If you haven't already done so, remove and clean the nozzle at the fog outlet. I had success clearing a clogged heat exchanger by squirting 70% alcohol through it. Do this when the block is cold, of course.


----------



## barryhandler

*Clogged Fogger*

Last Halloween I thought it would be fun to snazz up the decorations in front of the house by adding some fog. I got the idea when I stopped at Party City to look for costumes for the kids and the foggers didn't seem to be too out of sight. I only used the machine one night then cleaned it as the instructions stated.

I pulled it out two days ago for the haunted house at my child's Fall Festival and it didn't work. I went to the internet and found all sorts of advice. Here is what worked for me-

These devices consist of a reservoir to hold the glycol/water mixture, a clear rubber tube to carry the fog juice to the magnetic pump that pumps the juice through a tiny copper tube welded to a heat exchanger. Another tiny tube is on the other side of the heat exchanger and deposits the "fog" into a chamber that has a fan at one end and an opening at the other end.

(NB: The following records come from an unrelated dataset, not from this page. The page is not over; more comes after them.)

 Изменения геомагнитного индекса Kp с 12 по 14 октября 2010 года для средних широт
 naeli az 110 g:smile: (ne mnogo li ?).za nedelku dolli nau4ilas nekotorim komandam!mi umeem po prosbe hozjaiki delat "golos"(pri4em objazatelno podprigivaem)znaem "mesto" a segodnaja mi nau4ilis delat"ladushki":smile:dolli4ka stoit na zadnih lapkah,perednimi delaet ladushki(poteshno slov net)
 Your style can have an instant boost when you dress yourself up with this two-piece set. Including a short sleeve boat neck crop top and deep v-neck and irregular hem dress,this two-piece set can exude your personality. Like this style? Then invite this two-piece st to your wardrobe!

The reservior was empty and clean. The fitting on the end of the tubing that sits in the reservoir had some brown residue on it that I cleaned off with a rag. The clear tubing was clean but I flushed it with water. I cut the zip tie holding the tubing to the inlet of the pump and detached the tubing. At the other end of the pump was the fine copper tubing and a compression nut. I undid the compression nut and noticed a larger plastic nut holding the inner core of the magnetic pump in place. I unscrewed and removed the center portion of the pump and disassembled this core. It was a maze of o-rings, springs, pistons etc. There was rust colored residue throughout. I thoroughly cleaned the pieces and took great care to pay attention to where all the parts were supposed to go. I put the pump back together and hooked up the inlet. The I put a cup under the outlet and turned the machine on-the pump worked. I hooked it all back up and No Smoke! I took the copper tubing off the outlet side of the pump again to verify the pump was still working then removed the heater/evaporator assembly and tried to flush the tubing-it was stuck. I used a 5 cc syringe and tried to force fog juice through without success. I then tried using CLR and spot remover-all unsucessful. Then I tried full-strength vinegar and success! Once I got the evaporator cleared and put the whole thing back together it worked better than it did when I first bought it.


----------



## debbie5

barry- I KNOW I will deal with this if not now- in the future. Thanks so much for your very clear instructions! I'm gonna print them out & save them in my Halloween Notebook!


----------